Blasting rocks and collecting gems means you can spend your earnings on modular weapon upgrades.

Porting Gemstone Keeper to the Switch also gave Stoddard the chance to give the graphics an overhaul, with the resolution doubled to 720p; as a result, he says, “all the positions, sizes, the movement calculations, and other details had to be checked by hand, line by line.”

While all this was going on, Stoddard also decided to beef up the game with a new survival game mode – a hectic side attraction that adds some multiplayer competition to complement the solo campaign.
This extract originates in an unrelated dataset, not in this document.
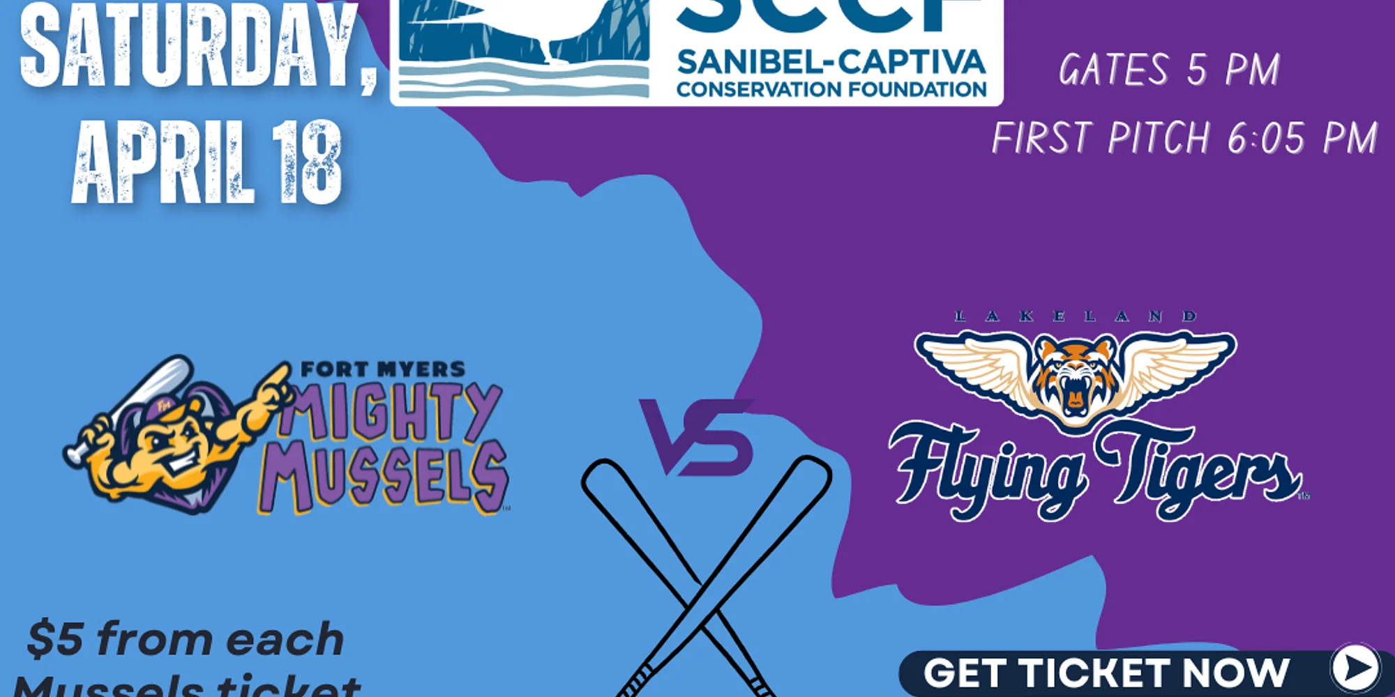 Join us for “Going to Bat for Bats” with the Fort Myers Mighty Mussels! $5 of your ticket purchase will go directly toward SCCF’s bat monitoring and conservation efforts, including helping us purchase acoustic monitoring equipment to determine bat species presence and range on Sanibel, Captiva, and surrounding islands. -Gates open at 5 PM, so come early to soak in all the pre-game festivities celebrating the SWFL golf scene. -The game kicks off at 6:05 PM, and you can enjoy the fun all night long.

All told, the new mode took three weeks to build – a pretty impressive feat, given that, like the rest of Gemstone Keeper’s development, it was all put together in Stoddard’s spare time.

And with the game due for release on the Switch this November, Stoddard is already thinking about his next solo project; this time, he says, it’ll be a Switch exclusive. “It’s a great console to make games for, and I think it deserves more indie stuff that is built (with) the system in mind, instead of just being ported over for the sake of it,” he says. “I’ve been writing out one game concept that I want to start trying out as soon as Gemstone Keeper has set sail, so maybe next year I’ll have something to show.”

“I usually get my best feedback from live events like Insomnia and EGX,” Stoddard says.

Learning from the masters

Although we often look back on games of the past with a nostalgic eye, Stoddard points out that there’s also a practical reason for returning to the classics. “I think it’s important for developers to look at early games to understand how they have had a lasting appeal,” he says. “(They were) able to create something so creative and enjoyable despite being restricted to the technologies of the time they were made. I’m personally a firm believer of the idea that you are more creative when you have constraints set against you, because those constraints take more effort to work within than having little to no constraints at all.”